Exercise data>
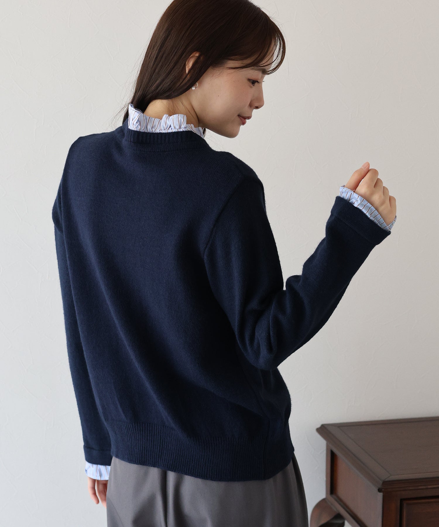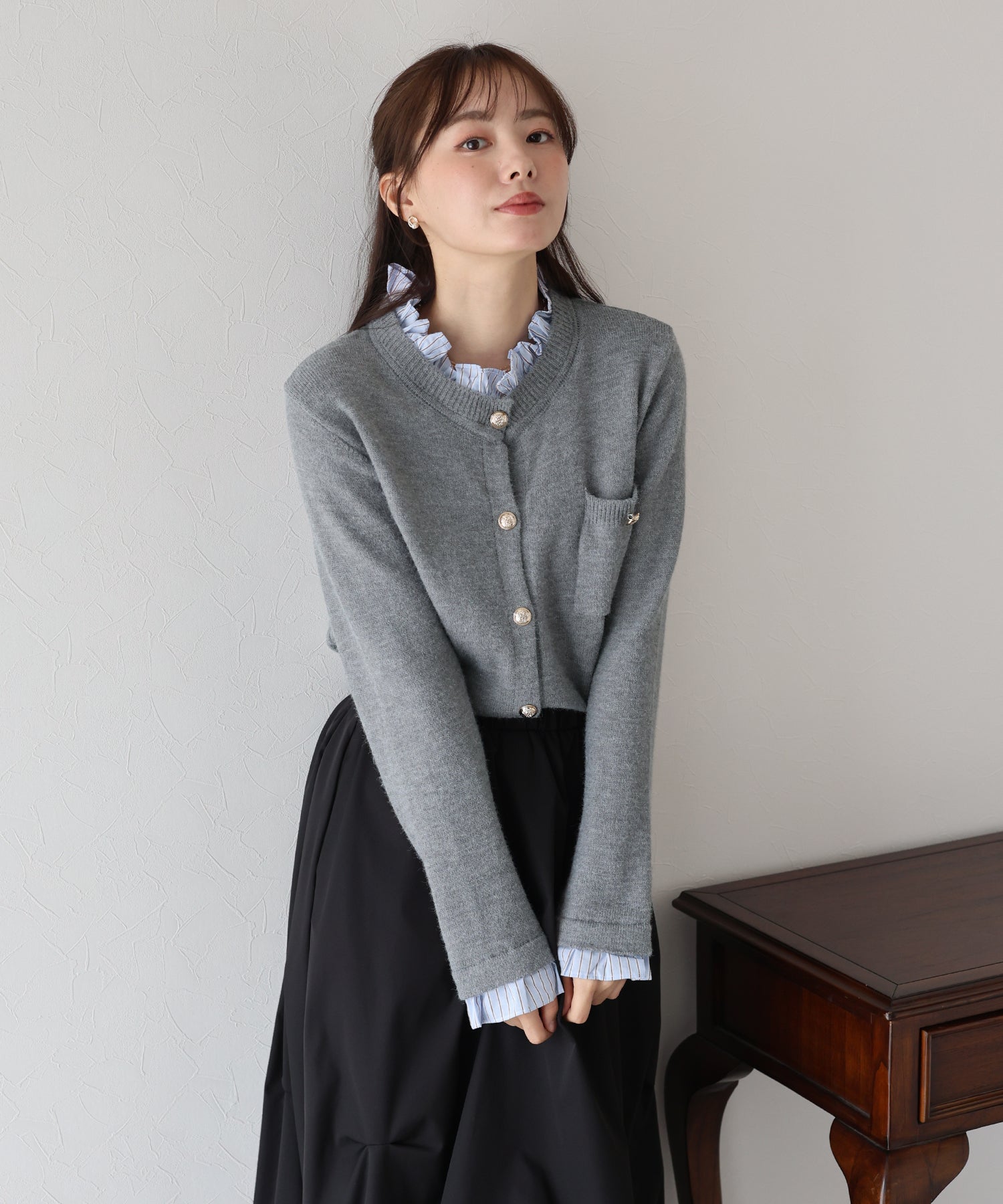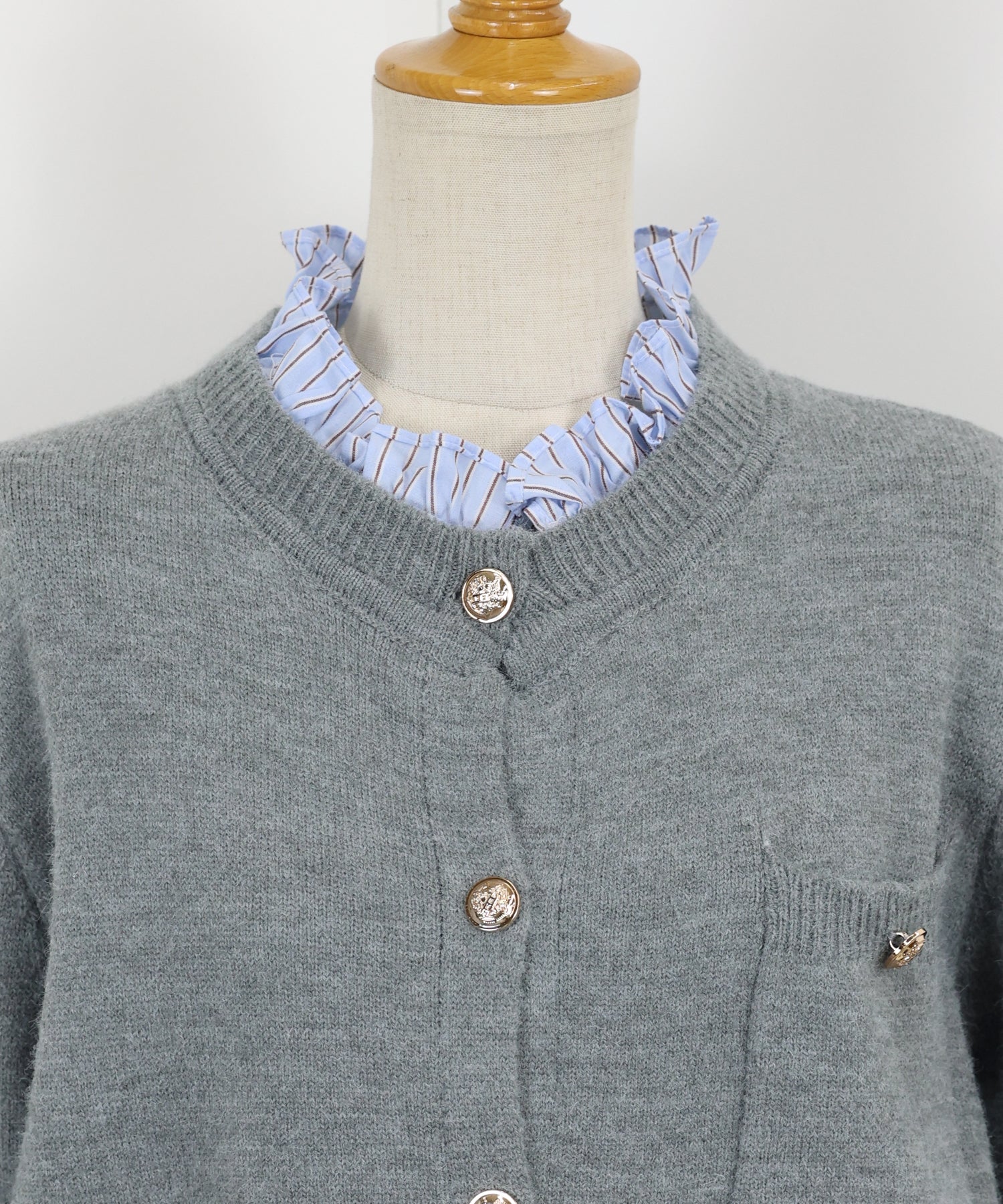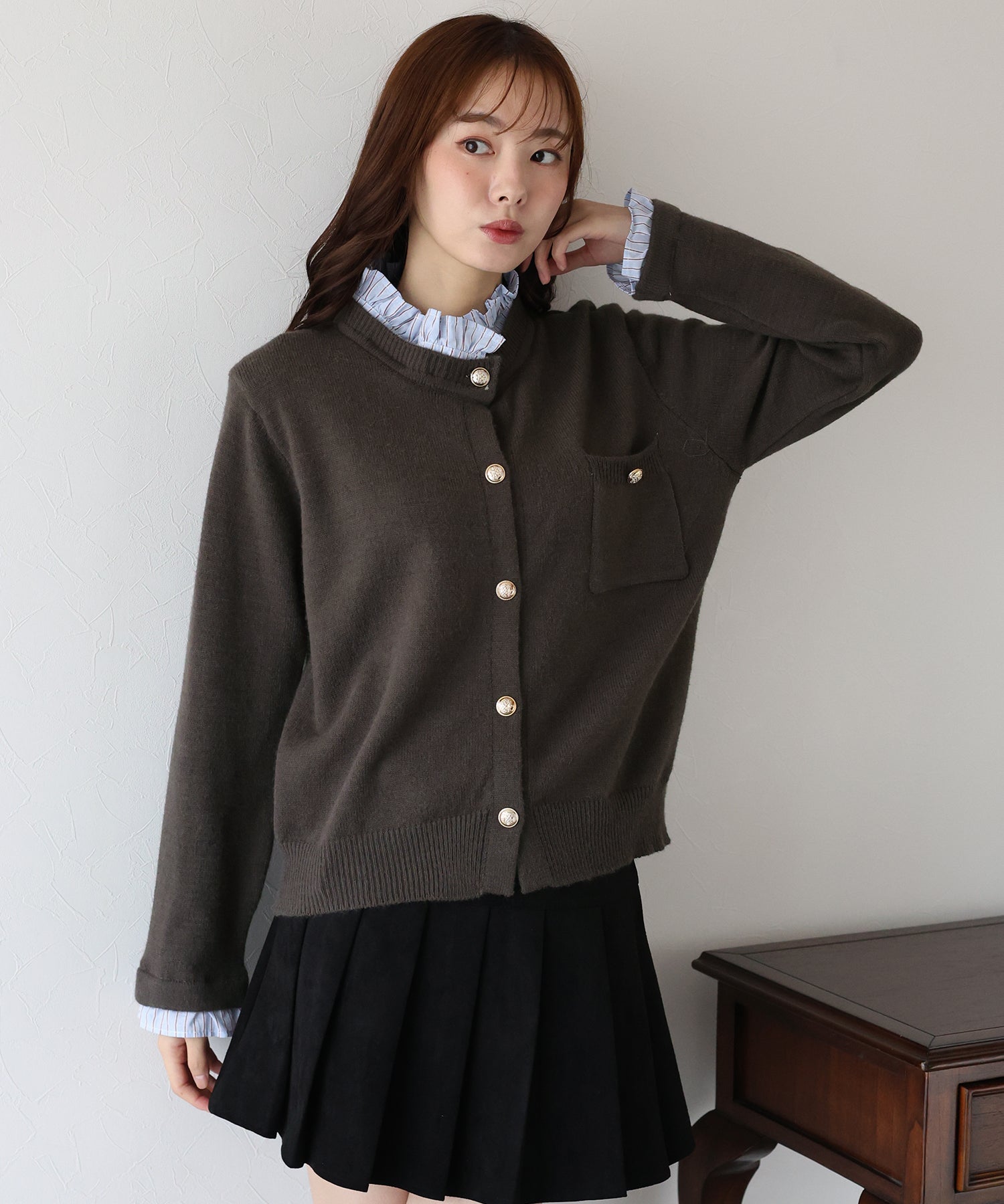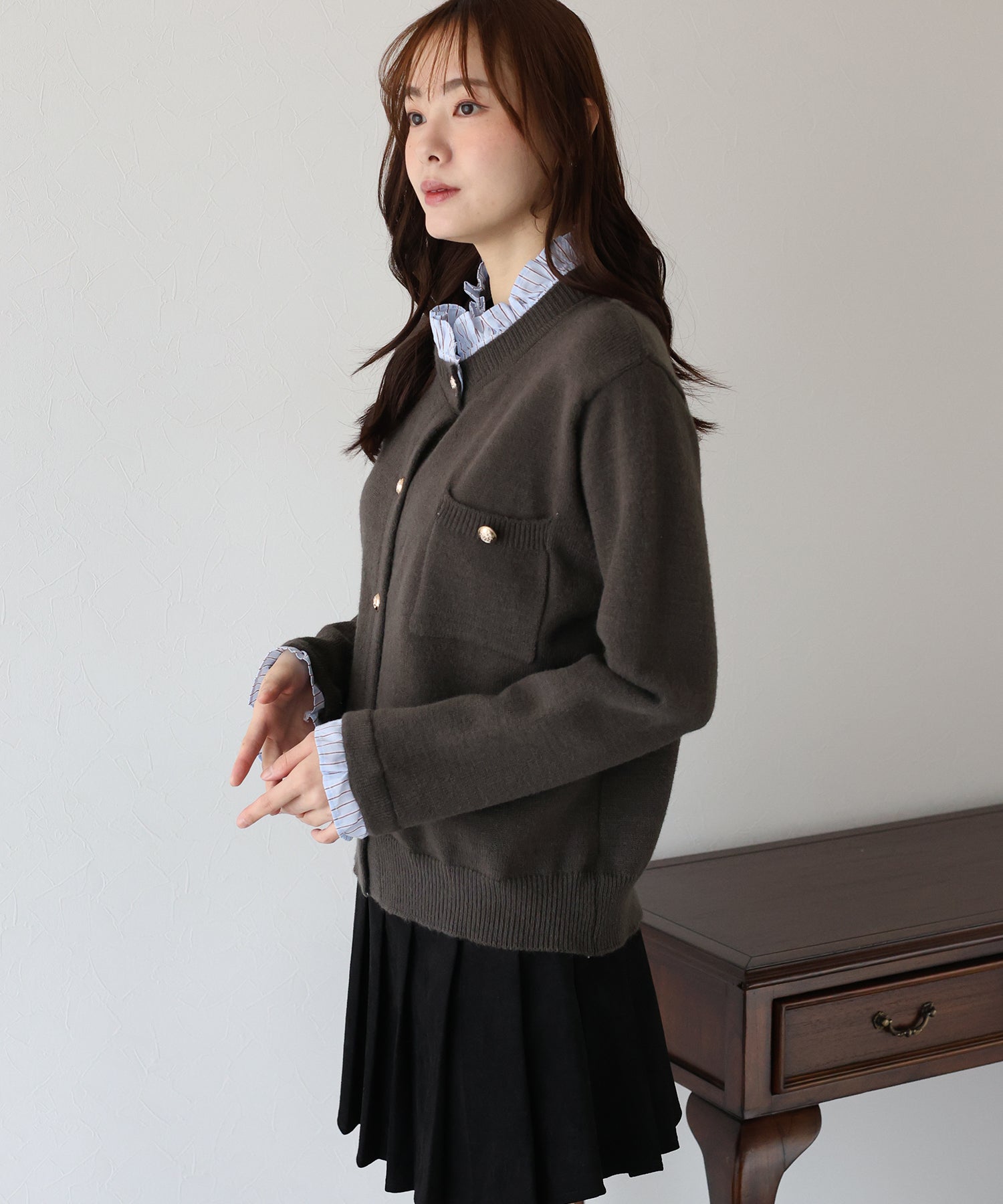 <日本團訂>預購一般於本團截單日起計約3-4週抵港♡ 請到 IG 查看本團截單日♡ 一件過就有搭配了兩件的效果 .ᐟ.ᐟ ⑅◡̈* 巧紗地穿出層次感~ ● 內層似是條紋裇衫 ● 領口與袖口均有條紋褶邊details ● 精緻的立體金鈕扣 ● 突顯了優雅簡潔的氣質 ● 上班式重要場合都好適合 ● 觸感柔軟舒適 𝖲𝗂𝗓𝖾 𝖽𝖾𝗍𝖺𝗂𝗅𝗌. 𝖲𝗁𝗈𝗎𝗅𝖽𝖾𝗋: 43.5𝖼𝗆 𝖢𝗁𝖾𝗌𝗍 𝗐𝗂𝖽𝗍𝗁: 55𝖼𝗆 𝖲𝗅𝖾𝖾𝗏𝖾: 59.5𝖼𝗆 𝖫𝖾𝗇𝗀𝗍𝗁: 61𝖼𝗆 Model’s tall: 167𝖼𝗆 Fabric. 42% acrylic, 30% polyester, 28% nylon 柔軟針織材質
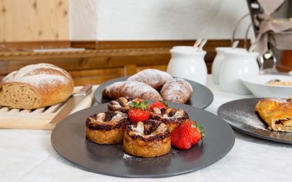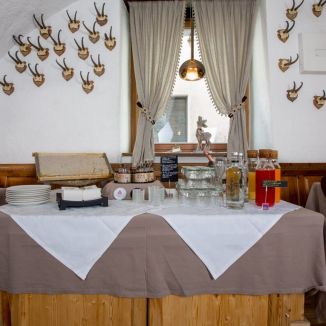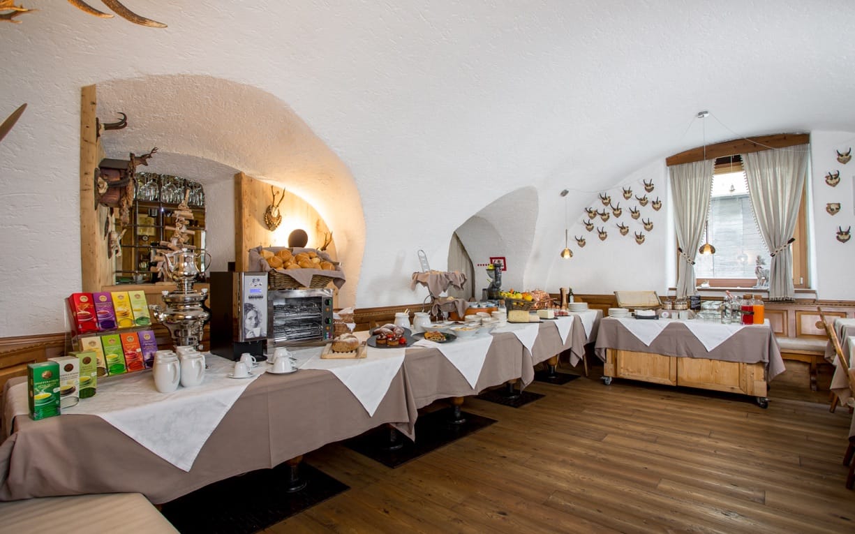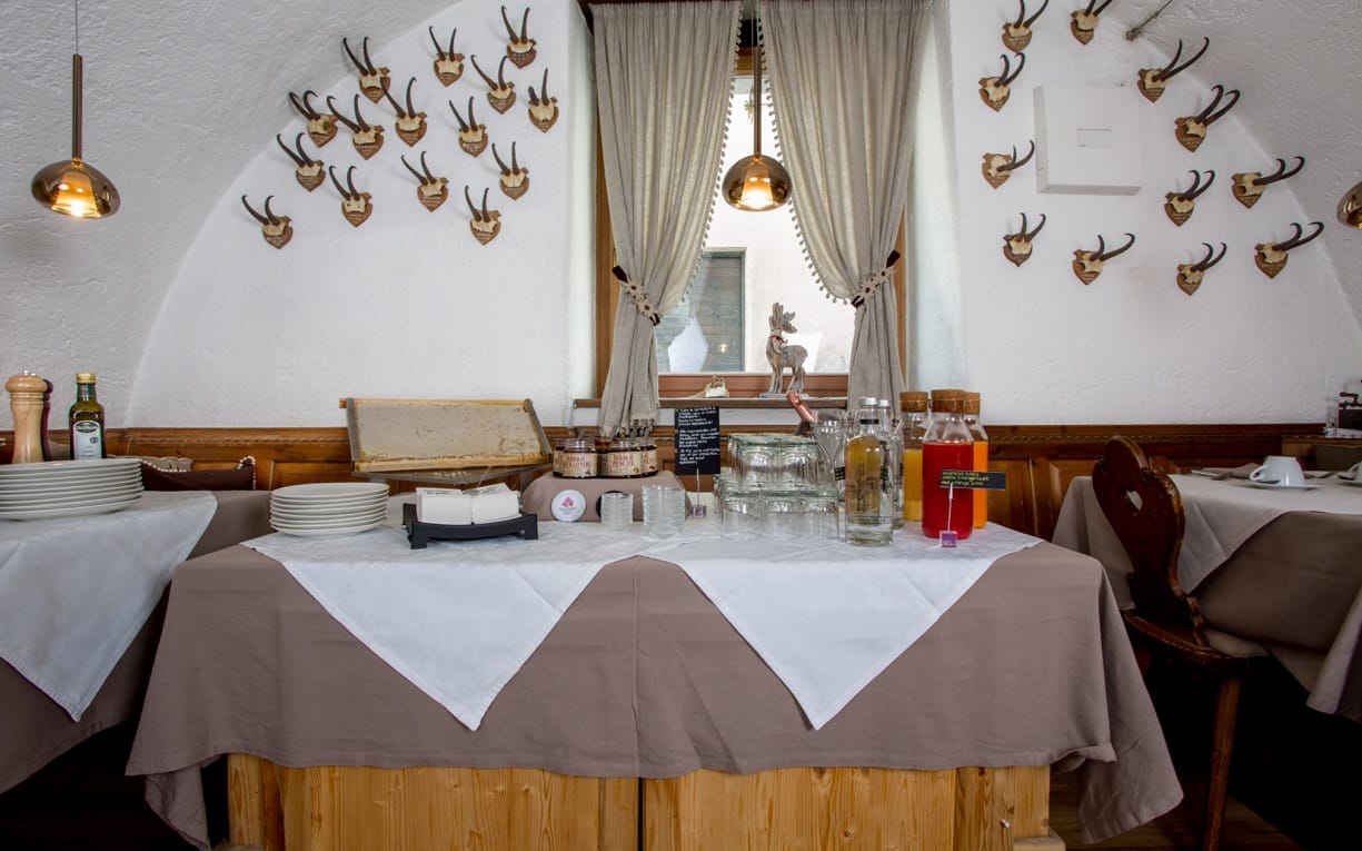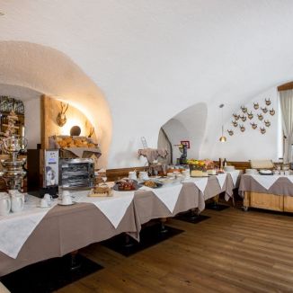 Der Übergang von Ihrem Zimmer zum Bracconiere Saal (der Büfett-Saal) ist etwas Besonderes, Beruhigendes und Gemütliches und es lädt Ihnen ein, ein reichliches Frühstück zu machen. Ein reichliches Büfett mit hausgemachten Kuchen, Keksen, Marmeladen Enrosadira. Joghurt, Milch, Butter und frische Käsesorten, alles aus den Almen, wo die Landwirte jeden Tag hart für uns arbeiten. Im Laufe der Jahre haben wir immer mehr auf Qualität, Ursprung, Saisonalität und Nachhaltigkeit der Produkte gesetzt. Süß und salzig, Schokolade, Speck und Schinken, frisches Obst ... Wir wählen alles persönlich aus. Eine andere Art und Weise um Ihre Seele zu ernähren.
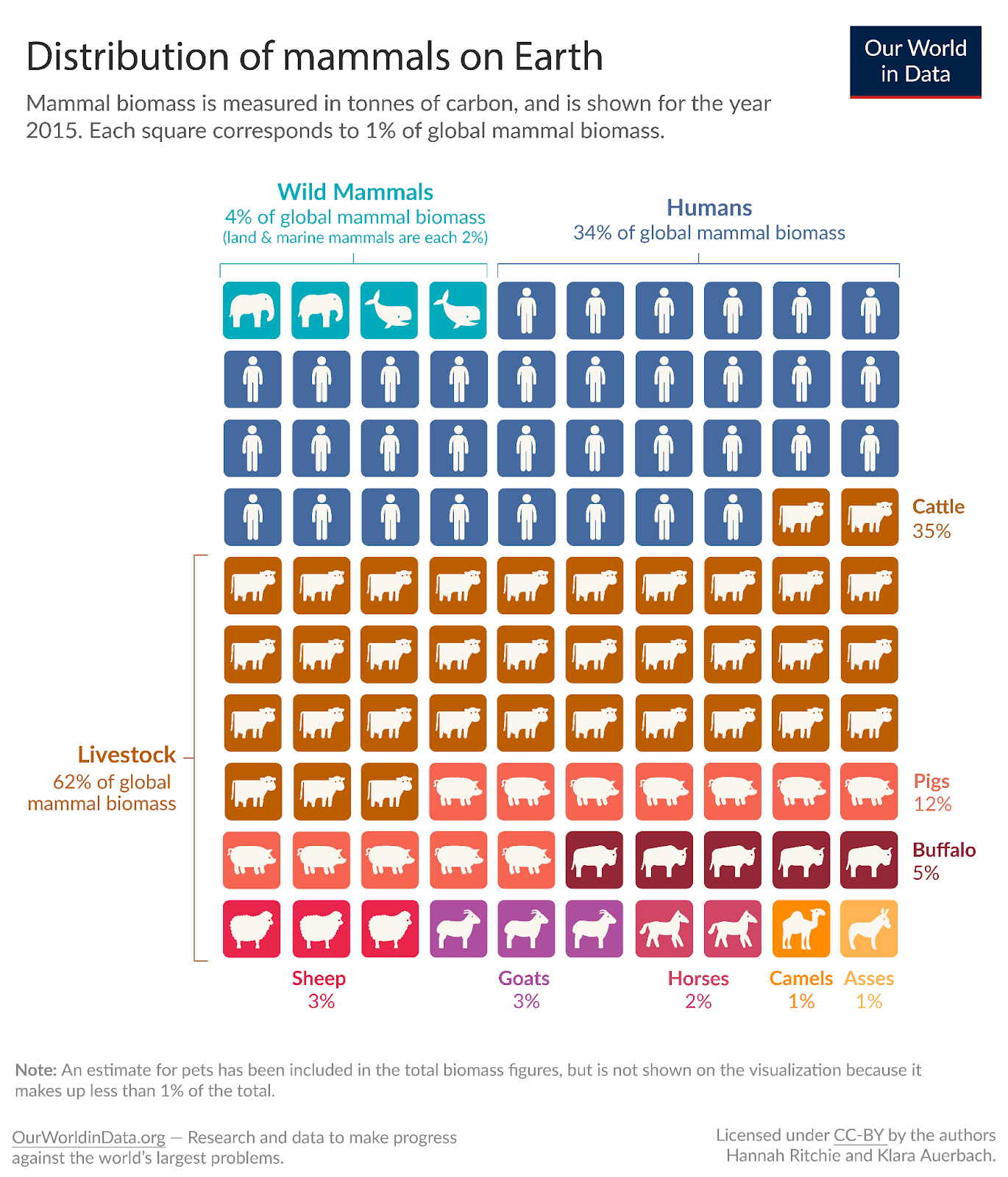 Then, there is the statistic that 96% of mammal biomass on Earth comprises humans and their livestock. This leaves only 4% of mammal biomass for all other wild mammal species combined, mainly because agriculture occupies three-quarters of the Earth's habitable land area. This means that humans have directly and indirectly appropriated much of the Earth's biomass.
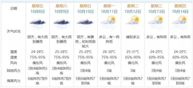 受其外围环流与冷空气共同影响,昨晚至今天08时珠海市普降大雨到暴雨,平均雨量42.9毫米,海面风力6-7级阵风8-10级。预计今天至9日珠海市有暴雨,局部大暴雨,海面大风维持;10日有骤雨,初时雨势较大,海面风力6级阵风7-9级。珠海市气象局10月8日08时40分已将台风预警信号升级为蓝色,暴雨黄色预警信号继续生效。
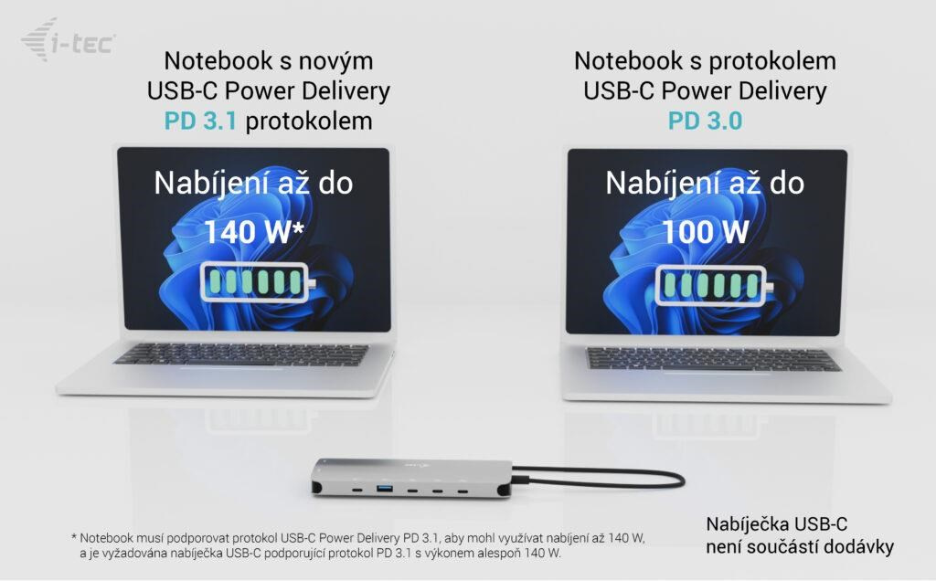 ** Pokud váš notebook nebo tablet podporuje nový a moderní nabíjecí protokol USB-C Power Delivery PD 3.1, dokovací stanice nabídne nabíjecí výkon až 140 W (pokud máte protokol PD 3.0, nabíjecí výkon bude až 100 W).

Task objective> What you hand back should match the listing exactly, except that no pictures appear.

The answer>
 <日本團訂>預購一般於本團截單日起計約3-4週抵港♡ 請到 IG 查看本團截單日♡ 一件過就有搭配了兩件的效果 .ᐟ.ᐟ ⑅◡̈* 巧紗地穿出層次感~ ● 內層似是條紋裇衫 ● 領口與袖口均有條紋褶邊details ● 精緻的立體金鈕扣 ● 突顯了優雅簡潔的氣質 ● 上班式重要場合都好適合 ● 觸感柔軟舒適 𝖲𝗂𝗓𝖾 𝖽𝖾𝗍𝖺𝗂𝗅𝗌. 𝖲𝗁𝗈𝗎𝗅𝖽𝖾𝗋: 43.5𝖼𝗆 𝖢𝗁𝖾𝗌𝗍 𝗐𝗂𝖽𝗍𝗁: 55𝖼𝗆 𝖲𝗅𝖾𝖾𝗏𝖾: 59.5𝖼𝗆 𝖫𝖾𝗇𝗀𝗍𝗁: 61𝖼𝗆 Model’s tall: 167𝖼𝗆 Fabric. 42% acrylic, 30% polyester, 28% nylon 柔軟針織材質
 Der Übergang von Ihrem Zimmer zum Bracconiere Saal (der Büfett-Saal) ist etwas Besonderes, Beruhigendes und Gemütliches und es lädt Ihnen ein, ein reichliches Frühstück zu machen. Ein reichliches Büfett mit hausgemachten Kuchen, Keksen, Marmeladen Enrosadira. Joghurt, Milch, Butter und frische Käsesorten, alles aus den Almen, wo die Landwirte jeden Tag hart für uns arbeiten. Im Laufe der Jahre haben wir immer mehr auf Qualität, Ursprung, Saisonalität und Nachhaltigkeit der Produkte gesetzt. Süß und salzig, Schokolade, Speck und Schinken, frisches Obst ... Wir wählen alles persönlich aus. Eine andere Art und Weise um Ihre Seele zu ernähren.
 Then, there is the statistic that 96% of mammal biomass on Earth comprises humans and their livestock. This leaves only 4% of mammal biomass for all other wild mammal species combined, mainly because agriculture occupies three-quarters of the Earth's habitable land area. This means that humans have directly and indirectly appropriated much of the Earth's biomass.
 受其外围环流与冷空气共同影响,昨晚至今天08时珠海市普降大雨到暴雨,平均雨量42.9毫米,海面风力6-7级阵风8-10级。预计今天至9日珠海市有暴雨,局部大暴雨,海面大风维持;10日有骤雨,初时雨势较大,海面风力6级阵风7-9级。珠海市气象局10月8日08时40分已将台风预警信号升级为蓝色,暴雨黄色预警信号继续生效。
 ** Pokud váš notebook nebo tablet podporuje nový a moderní nabíjecí protokol USB-C Power Delivery PD 3.1, dokovací stanice nabídne nabíjecí výkon až 140 W (pokud máte protokol PD 3.0, nabíjecí výkon bude až 100 W).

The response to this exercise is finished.